The initial days of my travels as a single dad with my son saw me carry board games and loads of activity books. Even though these games and books were a happy break from the routine, they were part of regular activities at home, and the routine lacked that aha factor. My son preferred being indoors over sightseeing during our trips. So we ended up spending more time at the resort or hotel. Soon this posed the challenge of keeping him engaged while staying indoor. These are some of the ideas that worked on him when he was 6 to 8 years old. These are just seeds for your thought to understand, engaging a kid is restricted only by your imagination.

Tip #1 of 6

This was the first activity I discovered by accident while waiting for an order in the restaurant. Not a raw vegetable eater like many kids, the entertainment started with the complimentary salads. Mixing, cutting, garnishing with sauce initiated a good fun activity which spread to lotions, coffee powders in the room. We have been frowned upon in star resorts for making a mess on the table which did not stop us either. In fact this activity has tickled the little chef in him and I notice seeds of interest in cooking within him now. 

Tip #2 of 6

Those extra pillows in all shapes and sizes are a good source of entertainment while in room. Being a late 70s kids, I grew up playing them. If it was fun building fortresses, “crawl-able” tents, shakey house roofs. More fun when the structures collapsed. It did indirectly help me in teaching him, there is fun in being messy but responsibility in putting things back in their place.

Tip #3 of 6

This game just evolved when we were just goofing around with the notepads in the room. Each one gets to draw one stroke at a time. It could be in any shape or format. We continue drawing in turns until the drawing converges into something meaningful.

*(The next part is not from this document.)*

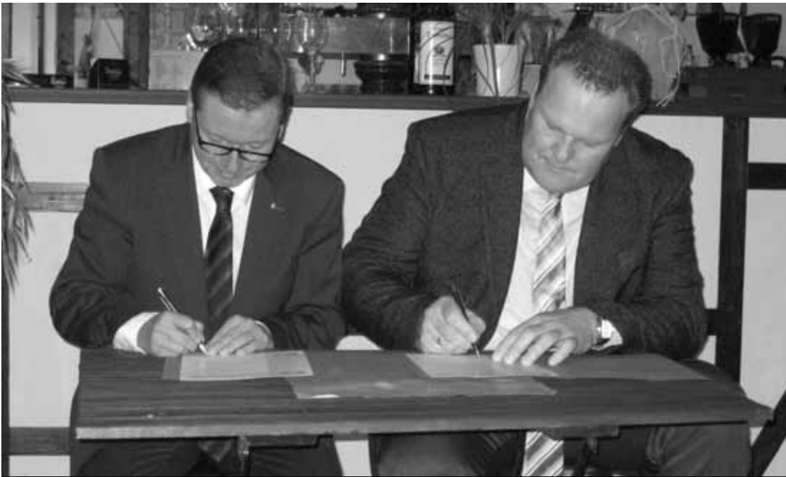
Foto: Borchens Bürgermeister Reiner Allerdissen (links) und Bürgermeister Frank Broshog (Gemeinde Am Mellensee) bei der Unterzeichnung der neuen Partnerschaftsurkunden.

Gleichzeitig unterzeichneten Borchens Bürgermeister Reiner Allerdissen und Bürgermeister Frank Broshog als Vertreter der Gemeinde Am Mellensee neue Partnerschaftsurkunden, mit der die Städtepartnerschaft nun auf die gesamte Gemeinde Am

Most of the time the meaning had a funny story to it, like ‘an old owl with one ear bitten by a bee’, ‘a fire snake man’, ‘bat maid’. The game took a twist when either of us tried to hijack the theme. I try to make it a funny meaningful one while he tries to add the gory action to it. I had to retire this game when it took a different turn of making the picture more violent.

Tip #4 of 6

This is an activity I follow even now during our trips. I let him do the check-in formalities. The fun part he enjoys is inventing a new signature for every place we visited. He picked up this enthusiasm when he saw me religiously trying to get my signature correct in a cheque. He wanted to get his own signature in place and this was a good place to try all styles. The tailed ones were the most famous while stars around the word were used at times. I also let him sign the bills and check the cost while doing so. This started giving him the picture that travel is not cheap and he agreed to control expenses at times. Hoping to build on this in future to bring in him a sense of expenses and controlling it. 

Tip #5 of 6

During the course of our early travel I started realizing that he enjoys travel and I can use this interest to impart some good vibes in him. I wanted him to appreciate the little things we do and see in our trips. So encouraged him to write short travelogues. In fact some of these travelogues expanded to become projects he would present in his school. More than anything it helped in bonding when we were back home going over old travel memories.

Tip #6 of 6

There will always be time in trip when I would need some silent time. So I created this mime game where we exchange written notes instead of talking. It could be for planning for our next meal or just some random talk. We have fought, expressed our love and quizzed each other through this game. It helped the not so expressive child to get more expressive. This in fact has become a good platform for us to vent or apologize during our parent child spats.